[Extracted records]
------------------------

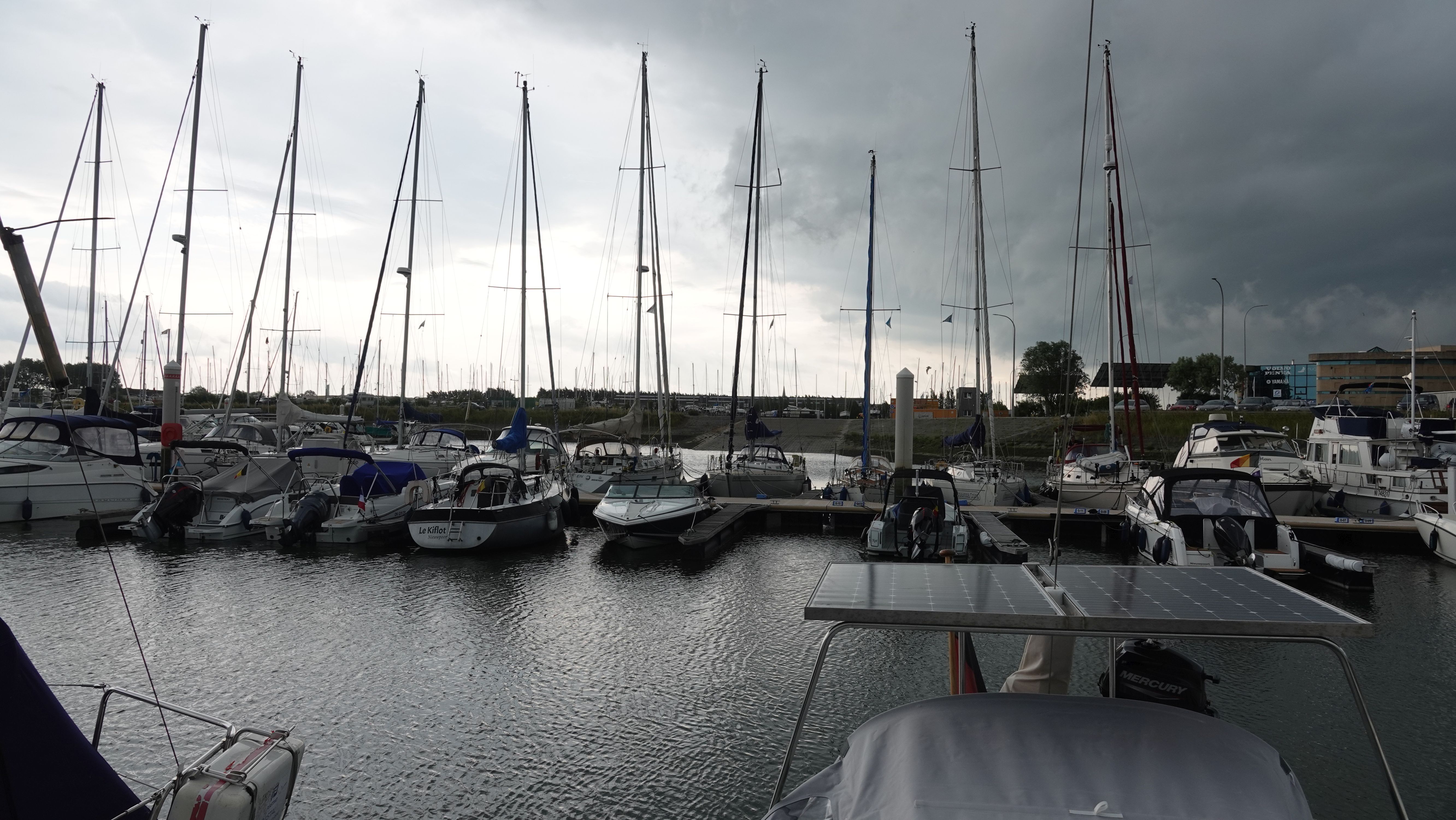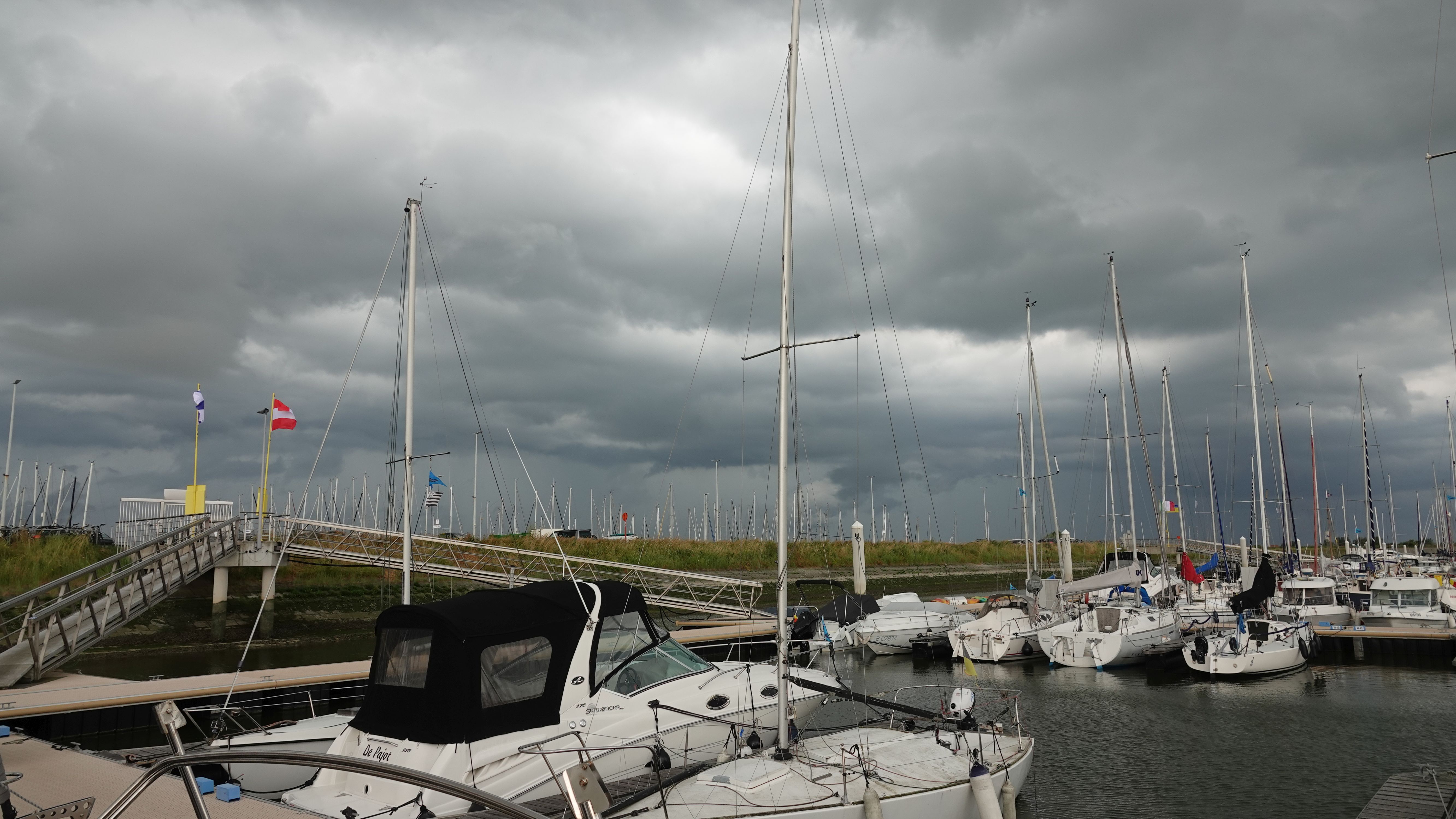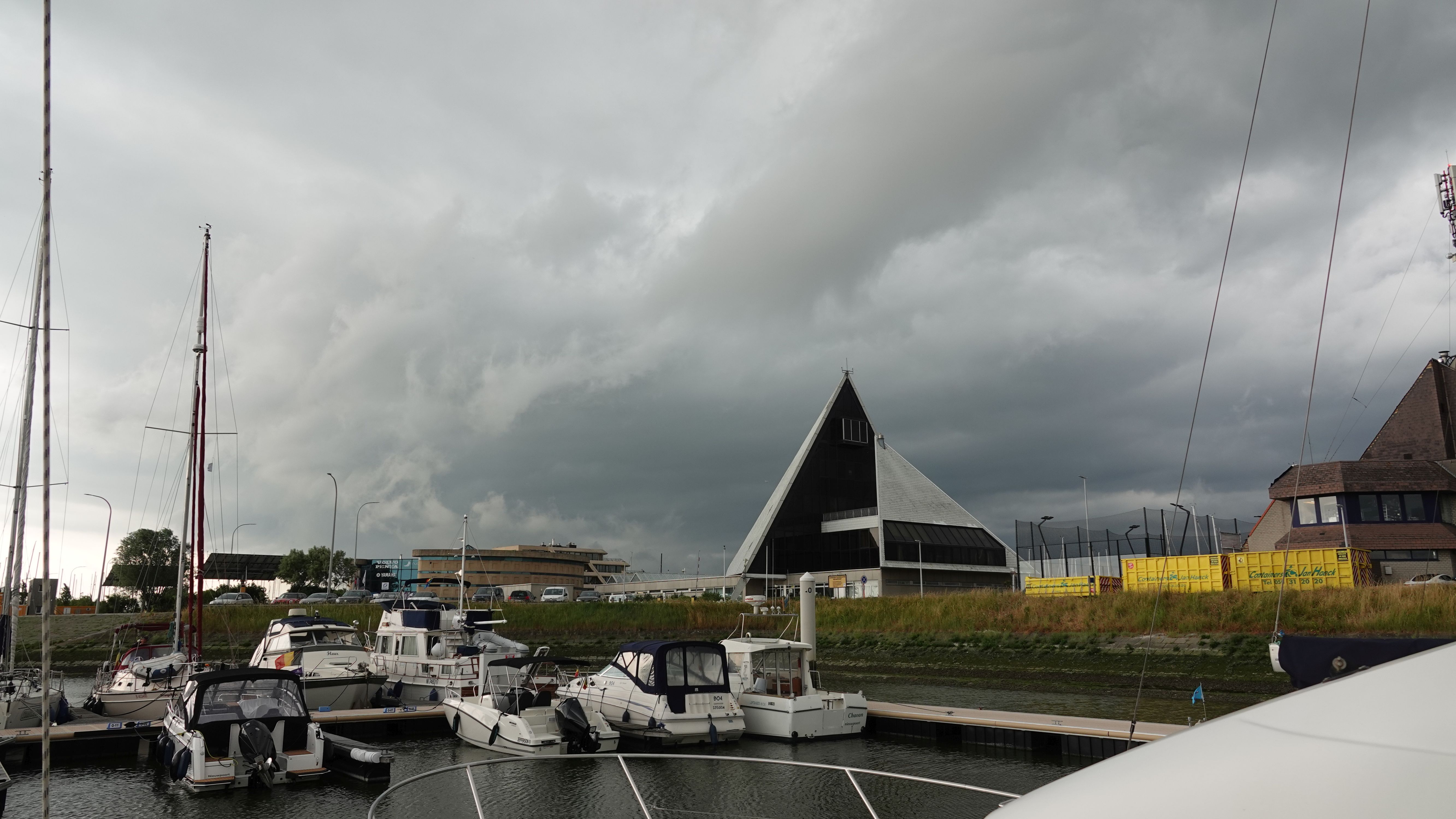 Ich lege zunächst in der Westseite des Hafens direkt im Fluss Yser an, verhole mich nach einem Besuch bei der Rezeption dann aber noch in das Ostbecken. Kurz nachdem ich fest bin ziehen dann auch die dunklen Wolken auf. Schnell baue ich die Kuchenbude auf, dann fallen auch schon die ersten dicken Tropfen.
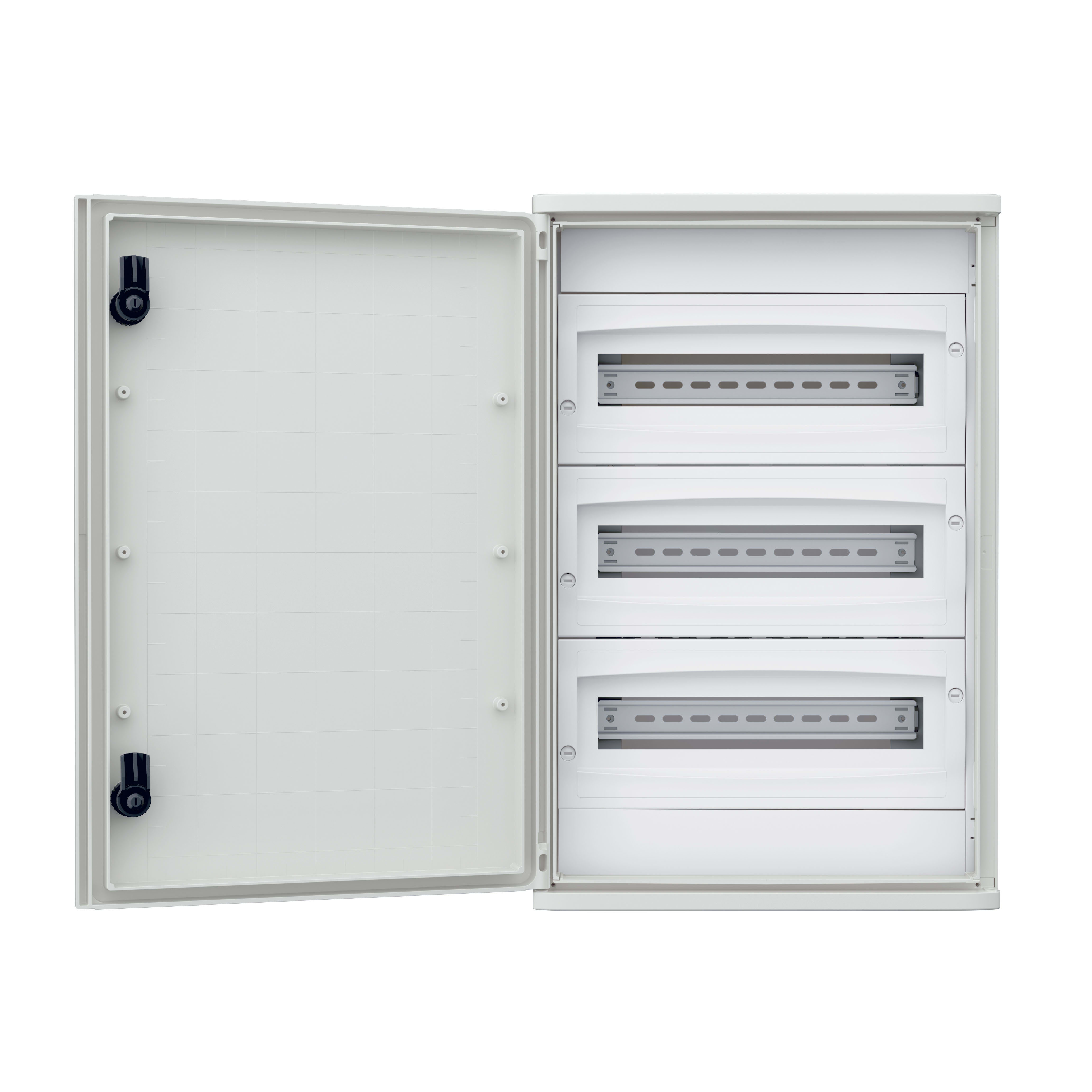 Telaio modulare in plastica per quadri 800 x 600 x 300 mm (4x27 moduli DIN). Kit completo fornito con montanti e pannelli finestrati. Fornito con 2 otturatori Per quadri Atlantic-E, Atlantic inox e Marina
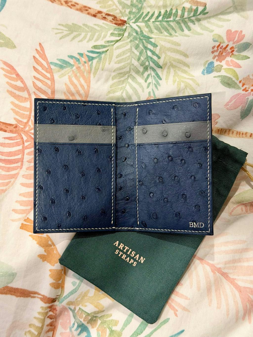 Himalayan croc, hand stitching, fully customisable at this price point, what’s not to love? I went for navy and grey ostrich inside, navy edge paint, natural stitching and silver hot stamping. Every edge is neatly sealed with edge paint, and the hand stitching is beautiful. The leather is amazing to touch and smells incredible. Compact and functional, yet oozing class.
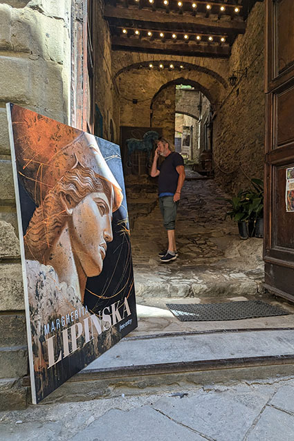 Art gallery CortonaMandy, Eugene, Marianne in CortonaSalvador Dali sculptureMandy in the main square Cortona
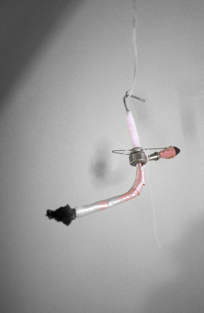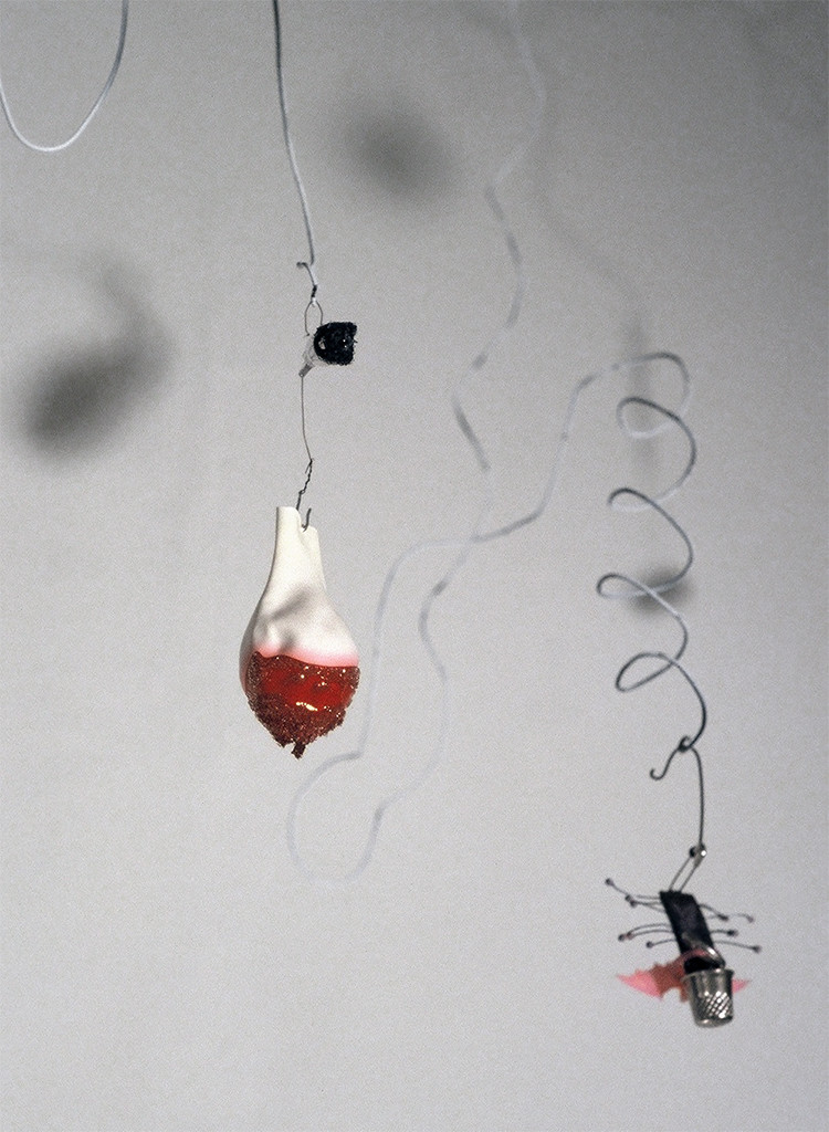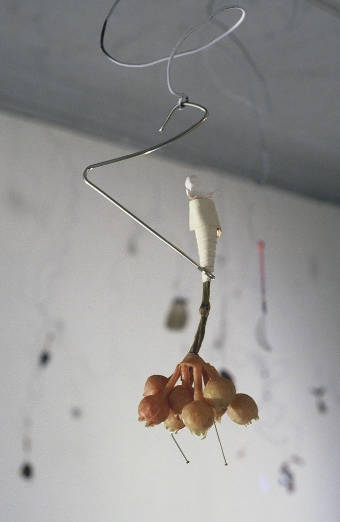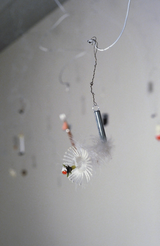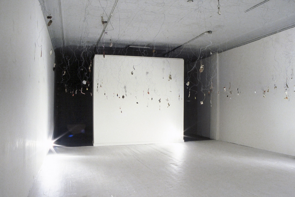100 mixed media objects hung with painted bailing wire. This installation consists of both unusual and everyday objects and materials with dramatic light and shadow. The placement of the objects at eye level makes them both a lure and an obstacle. Viewers interact with the objects directly by maneuvering around the work and indirectly by casting shadows in the room.

------------------------

**What this task involves**
Every line above should be reproduced exactly, please, with no pictures included.

**Response box**
 Ich lege zunächst in der Westseite des Hafens direkt im Fluss Yser an, verhole mich nach einem Besuch bei der Rezeption dann aber noch in das Ostbecken. Kurz nachdem ich fest bin ziehen dann auch die dunklen Wolken auf. Schnell baue ich die Kuchenbude auf, dann fallen auch schon die ersten dicken Tropfen.
 Telaio modulare in plastica per quadri 800 x 600 x 300 mm (4x27 moduli DIN). Kit completo fornito con montanti e pannelli finestrati. Fornito con 2 otturatori Per quadri Atlantic-E, Atlantic inox e Marina
 Himalayan croc, hand stitching, fully customisable at this price point, what’s not to love? I went for navy and grey ostrich inside, navy edge paint, natural stitching and silver hot stamping. Every edge is neatly sealed with edge paint, and the hand stitching is beautiful. The leather is amazing to touch and smells incredible. Compact and functional, yet oozing class.
 Art gallery CortonaMandy, Eugene, Marianne in CortonaSalvador Dali sculptureMandy in the main square Cortona
100 mixed media objects hung with painted bailing wire. This installation consists of both unusual and everyday objects and materials with dramatic light and shadow. The placement of the objects at eye level makes them both a lure and an obstacle. Viewers interact with the objects directly by maneuvering around the work and indirectly by casting shadows in the room.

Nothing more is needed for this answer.